Los ojos de las dos hembras beta brillaron y los pelos de sus lomos se
erizaron, listas para combatir y que pasara lo que los colmillos determinasen.

De un salto el macho alfa cayó sobre el roquerío, mostrando sus poderosos


colmillos, en un gruñido que no necesitaba nada más para hacerse entender. Las
beta agacharon en silencio sus cabezas y doblaron sus patas delanteras, en una
muestra de obediencia, respeto y sumisión.

La claridad del día avanzaba rápidamente por los cerros y las copas de los
árboles. Los primeros rayos que tocaron al gran lobo, fueron testigos de la
transformación que acompañaba a cada amanecer.

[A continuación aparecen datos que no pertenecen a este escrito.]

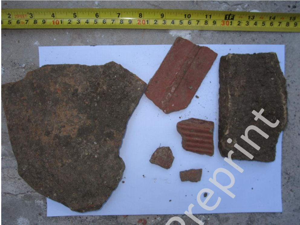
Lam.3 Material asociado a Ue.2

Con casi dos metros de alto, el cabello negro que le llegaba hasta los
hombros, sus sólidos y fornidos músculos contraídos por la fresca brisa matinal, el
hombre observaba a su nueva compañera, cuya piel brillaba con el sudor de la
batalla y su tonificado cuerpo de un metro ochenta se alzaba con el sol a su
espalda, dándole un resplandor casi sobrenatural, mientras con una mano
apartaba el cabello que caía sobre su dulce pero a la vez fiero rostro y con la otra
la sangre que corría de su boca.

A sus pies dos jóvenes mujeres de esbeltas figuras y de brillante mirada de


ojos dorados, arrodilladas besaban las manos de la nueva hembra alfa de la
manada.

Bajo los rayos del sol descansaban los cuerpos sin vida y con los cuellos
desgarrados, de dos mujeres que los animales y aves del monte harían
desaparecer.

Había terminado un reinado y comenzado otro, en un giro de la rueda de la


vida, gobernada por la ley de las garras y colmillos.